The latest version of this FAQ is available here:
0. What does MD stand for?
MD is an abbreviation for "multiple device" (also often called "multi-
disk"). The Linux MD implementation implements various strategies for
combining multiple physical devices into single logical ones. The most
common use case is commonly known as "Software RAID". Linux supports RAID
levels 1, 4, 5, 6, and 10, as well as the "pseudo-redundant" RAID level 0.
In addition, the MD implementation covers linear and multipath
Most people refer to MD as RAID. Since the original name of the RAID
configuration software is "md"adm, I chose to use MD consistently instead.
1. How do I overwrite ("zero") the superblock?
mdadm --zero-superblock /dev/mdX
Note that this is a destructive operation. It does not actually delete any
data, but the device will have lost its "authority". You cannot assemble the
array with it anymore, and if you add the device to another array, the
synchronisation process *will* *overwrite* all data on the device.
Nevertheless, sometimes it is necessary to zero the superblock:
- If you are reusing a disk that has been part of an array with an different
superblock version and/or location. In this case you zero the superblock
before you assemble the array, or add the device to an array.
- If you are trying to prevent a device from being recognised as part of an
array. Say for instance you are trying to change an array spanning sd[ab]1
to sd[bc]1 (maybe because sda is failing or too slow), then automatic
(scan) assembly will still recognise sda1 as a valid device. You can limit
the devices to scan with the DEVICE keyword in the configuration file, but
this may not be what you want. Instead, zeroing the superblock will
(permanently) prevent a device from being considered as part of an array.

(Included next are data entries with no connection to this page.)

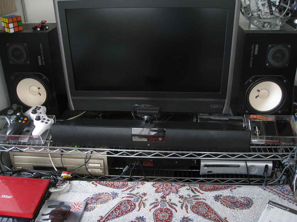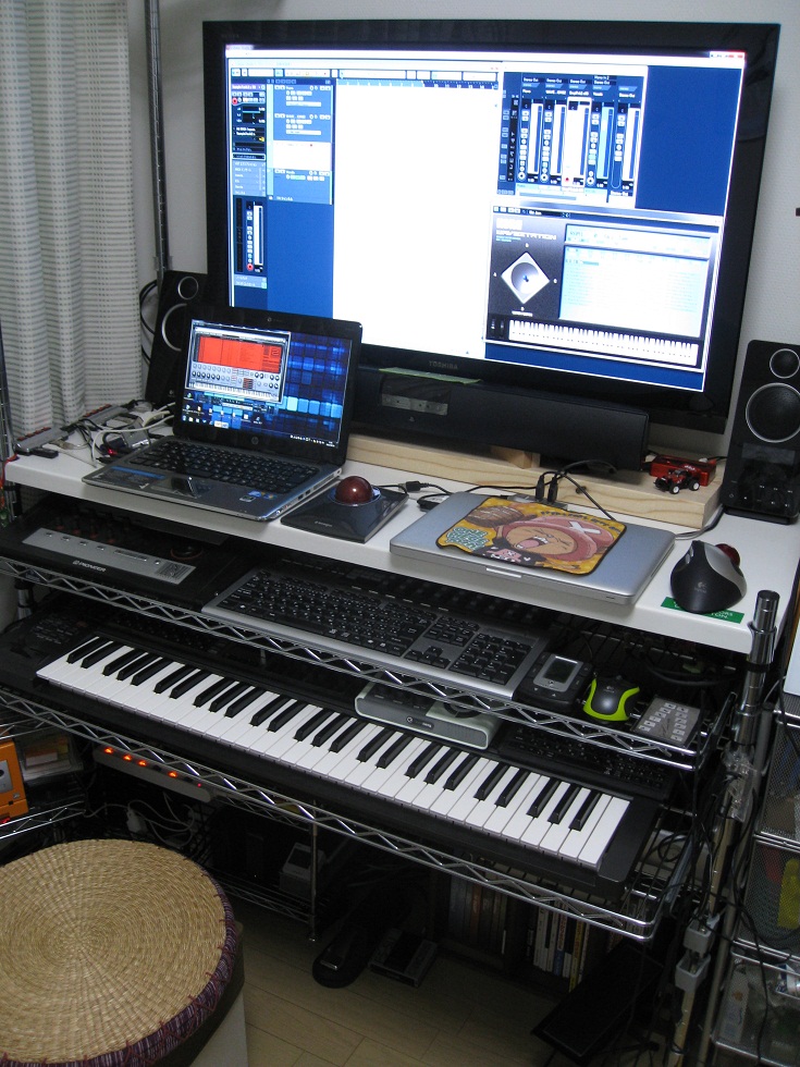 今だに部屋改装中。。。 なかなか終わらない。 TV周りはあらかた終了した。 大体こんな感じ。 TVの大きさを購入する時かなり悩んだが こちらを選んで正解だった。 スピーカーのサイズもピッタリ。 良い環境に変化。 DTMとは別の話で、 後で画像をUPしたいと思うが、 PSPを接続した時にこのTVはとても効果を発揮した。 ちょっとビックリ。 DTMゾーンとは反対側の改装も終わりつつあるのだが もう少しかかりそう。 また後日で。。。 今日は気温が高すぎてこれ以上の作業は無理。。。。
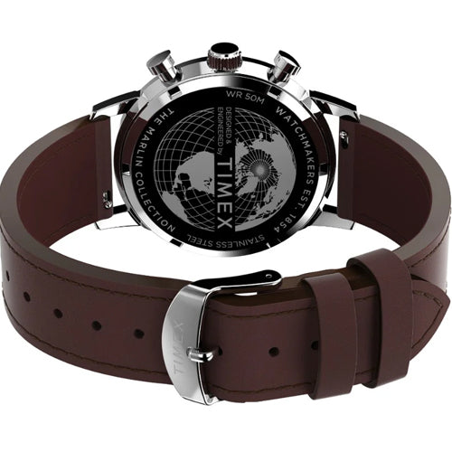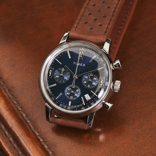 Timex Marlin Men Chronograph Tachymeter Blue Dial Leather Strap Watch 40mm TW2W10200UJ
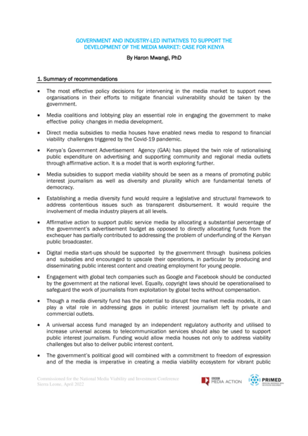 "This paper explores the instances and circumstances under which the media community in Kenya has closely worked with the government to introduce media reforms though new legislation and related policies. It focuses on changes that have been enacted over the last decade and, in particular, those aimed at responding to challenges related to media viability. The study also explores media-exclusive initiatives that have indirectly influenced policy on the media market." (Introduction, page 2)

2. How do I change the preferred minor of an MD array (RAID)?
See item 12 in /usr/share/doc/mdadm/README.recipes.gz and read the mdadm
manpage (search for 'preferred').
3. How does mdadm determine which /dev/mdX or /dev/md/X to use?
The logic used by mdadm to determine the device node name in the mdadm
--examine output (which is used to generate mdadm.conf) depends on several
factors. Here's how mdadm determines it:
It first checks the superblock version of a given array (or each array in
turn when iterating all of them). Run
mdadm --detail /dev/mdX | sed -ne 's,.*Version : ,,p'
to determine the superblock version of a running array, or
mdadm --examine /dev/sdXY | sed -ne 's,.*Version : ,,p'
to determine the superblock version from a component device of an array.
Version 0 superblocks (00.90.XX)
You need to know the preferred minor number stored in the superblock,
so run either of
mdadm --detail /dev/mdX | sed -ne 's,.*Preferred Minor : ,,p'
mdadm --examine /dev/sdXY | sed -ne 's,.*Preferred Minor : ,,p'
Let's call the resulting number MINOR. Also see FAQ 2 further up.
Given MINOR, mdadm will output /dev/md<MINOR> if the device node
Otherwise, it outputs /dev/md/<MINOR>
Version 1 superblocks (01.XX.XX)
Version 1 superblocks actually seem to ignore preferred minors and instead
use the value of the name field in the superblock. Unless specified
explicitly during creation (-N|--name) the name is determined from the
device name used, using the following regexp: 's,/dev/md/?(.*),$1,', thus:
/dev/md0 -> 0
/dev/md/0 -> 0
/dev/md_d0 -> _d0 (d0 in later versions)
/dev/md/d0 -> d0
/dev/md/name -> name
(/dev/name does not seem to work)
mdadm will append the name to '/dev/md/', so it will always output device
names under the /dev/md/ directory. Newer versions can create a symlink
from /dev/mdX. See the symlinks option in mdadm.con(5) and mdadm(8).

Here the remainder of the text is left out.